Il n’est donc pas trop aventureux de dire que cette pratique (qu’on pourrait croire illogique) de l’objet, dans sa spécificité d’entre deux rives (sculpture ou pas sculpture, objet ou pas objet, sujet ou image), s’immisce quelque part entre la trivialité immédiate de l’objet en soi et un mode (un monde) de représentation qui jouit d’une dualité difficilement démélable. Il y a à la fois de la Vanité (pensée sur la durée infime du monde d’ici-bas, en tant que genre plus souvent pictural que sculptural), du design, de l’installation, de la nature morte et du trompe-l’oeil dans ces propositions multiples.
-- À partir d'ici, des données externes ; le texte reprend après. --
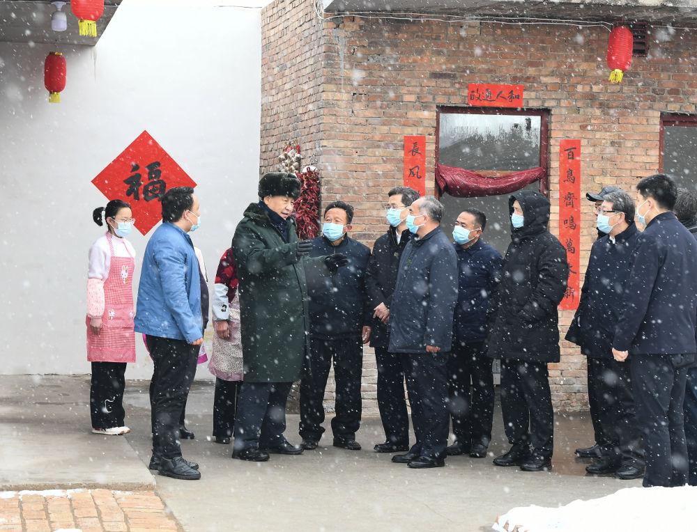 2022年1月26日下午,习近平在山西临汾市霍州市师庄乡冯南垣村受灾村民师红兵家看望。
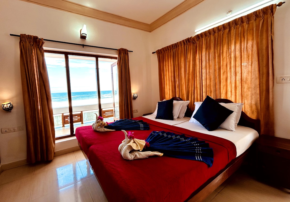 Escape to a peaceful oceanfront stay in our comfortable room with a private balcony and direct sea view. Wake up to the sound of waves, enjoy your morning coffee overlooking the ocean, and reach the beach in just a few steps. Ideal for guests seeking privacy, relaxation, and a true seaside experience at Kovalam Beach.
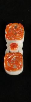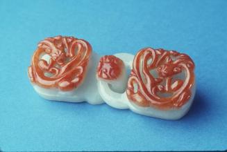 DescriptionEach end of the buckle is decorated with a flatened sinuous zhi dragon in openwork, the hook is shaped like a dragons head. There are flattened round studs on the back side.Status
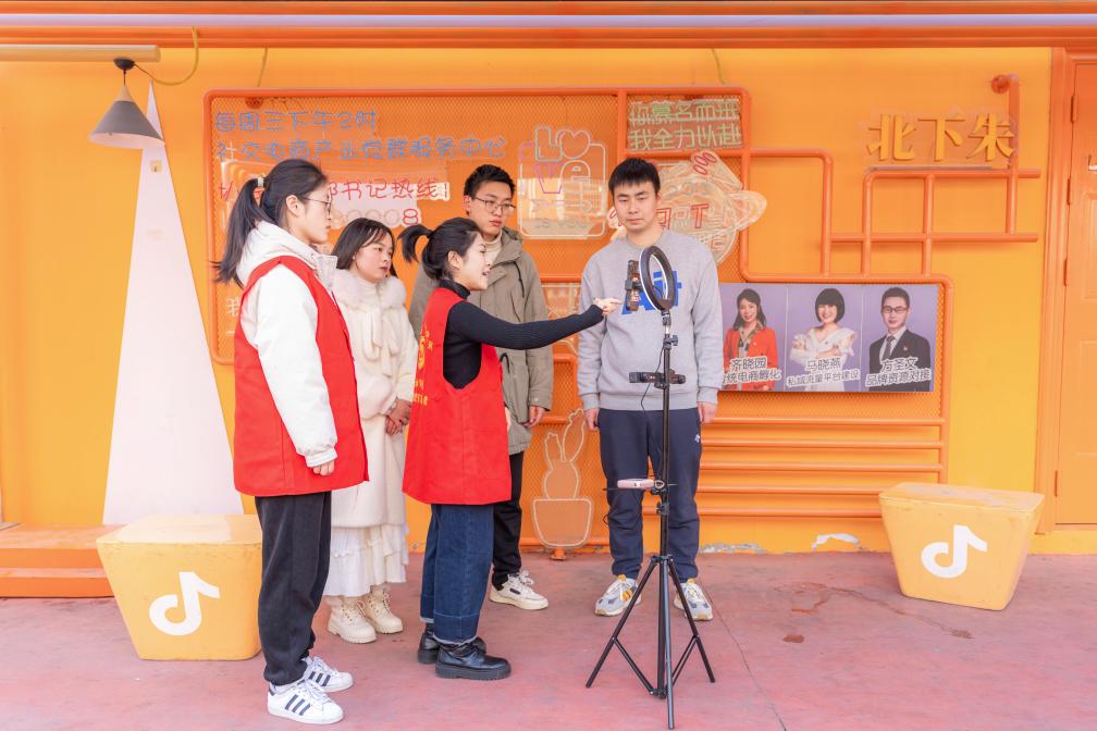 2024年11月,在浙江省义乌市福田街道江北下朱村社交电商产业党群服务中心“驿家亲”红色驿站里,青年交流直播经验。新华社发(受访者供图)
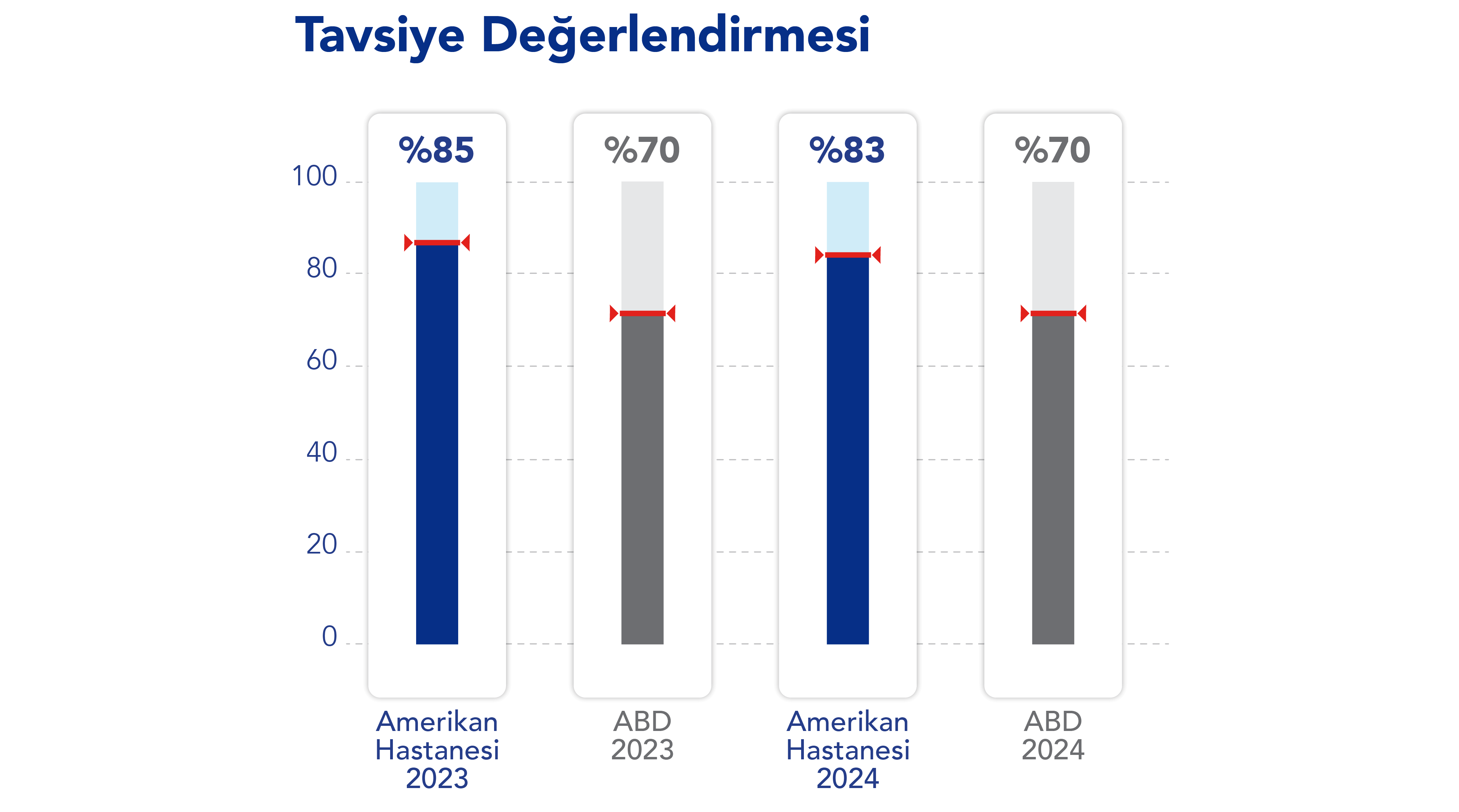 Amerikan Hastanesi'nin temel hedeflerinin merkezinde hasta memnuniyeti gelmektedir. Bir hasta yolculuğundaki her temas noktasını etkileme gücüne sahip olduğumuzun farkındayız. Hasta memnuniyetinde güvenli, yüksek kaliteli ve olağanüstü bakım merkezi sağlamak amacıyla ayaktan hasta deneyim anketimiz, deneyim ve memnuniyeti ölçümlemekte kullanılmaktadır.
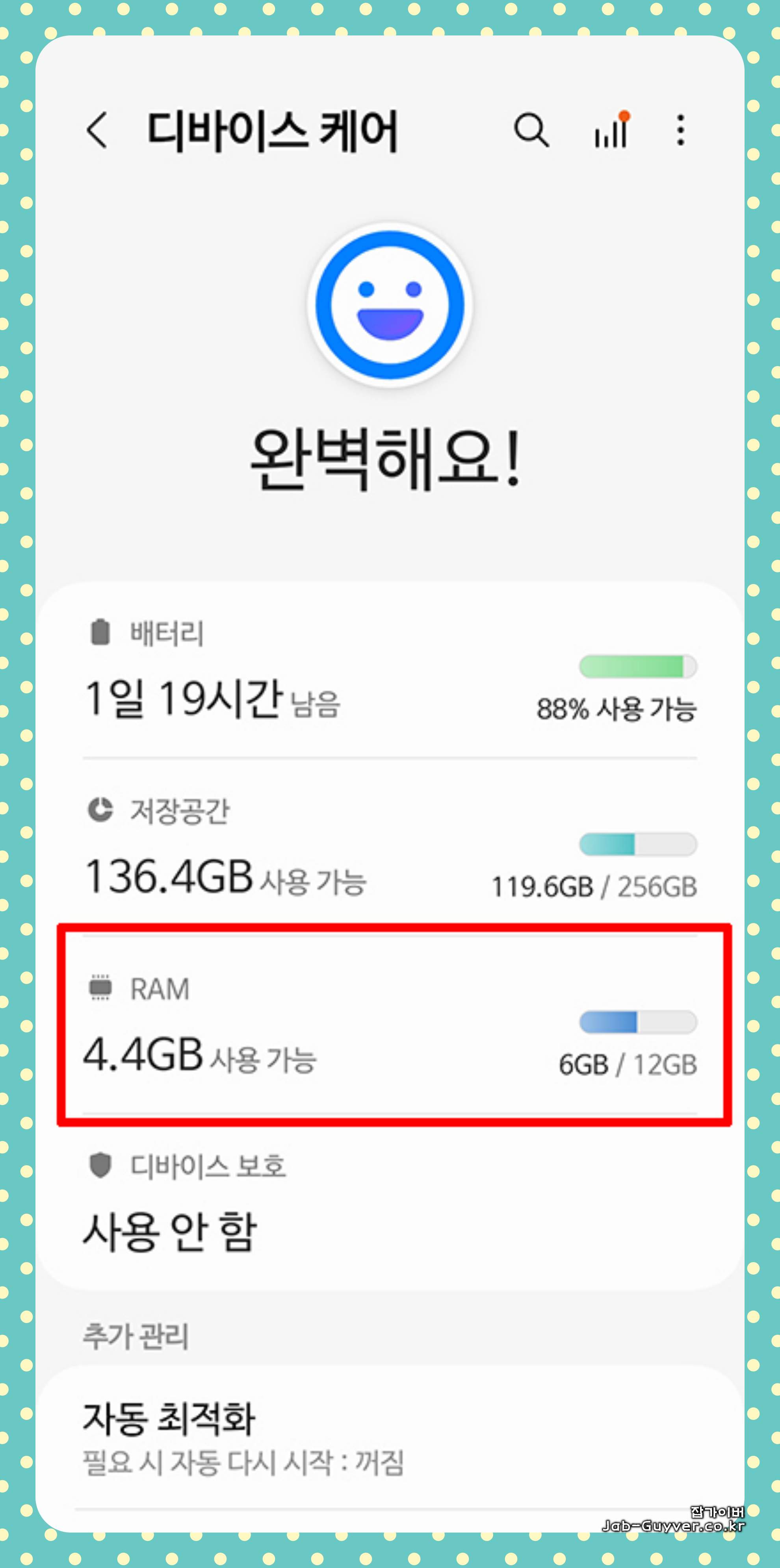 디바이스 케어로 갤럭시 기본 최적화 먼저 해주기
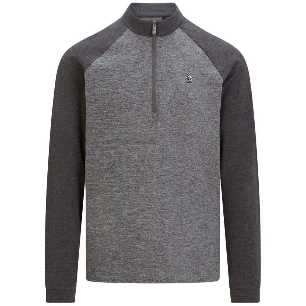 Men’s Original Penguin Golf Block 1/4 Zip Pullover. A sporty, lightweight fabric 1/4 zip mid-layer. Constructed from a moisture-wicking fabric; the OPG moisture management system will keep you fresh and dry throughout your round.

Alors qu’on aurait pu penser que la technique (et l’objet même du trompe-l’oeil qui est de faire apparaître une image en deux dimensions comme tridimensionnelle, une image reconstituée comme une image constitutive) appartenait définitivement au passé, battue en brèche par d’autres fabrications plus contemporaines (de la vidéo à l’image infographique) qui auraient rendu caduques les prétentions que s’était fixé Gérard Fabre à partir d’une certaine idée du décoratif.
Si la sculpture de Gérard Fabre, dans son éclatement tout azimut et ses transformations (de l’ironie à la destruction, du minimal à l’emphase) ressemble à s’y méprendre à notre début de siècle, il ne faut pas lui en faire grief. Au contraire, c’est un signe de santé et de lucidité que de faire oeuvre au présent, sans céder aux demandes de plus en plus pressantes pour que l’art (peinture et sculpture en particulier) reviennent dans le giron d’un ordre sociologique ou historicisant. Les lignes divergentes que l’on croirait débusquer dans ses pratiques arborescentes appartiennent toutes au vocabulaire du sculpteur. On s’en convaincra en ouvrant au sein même de ce texte un mini dictionnaire de la sculpture. Qui tendrait à prouver que Fabre est un classique dont l’idée première était de s’incarner dans une sculpture classique, qu’il a fini par dévier, contourner, chantourner et sans doute, aussi, dévoyer.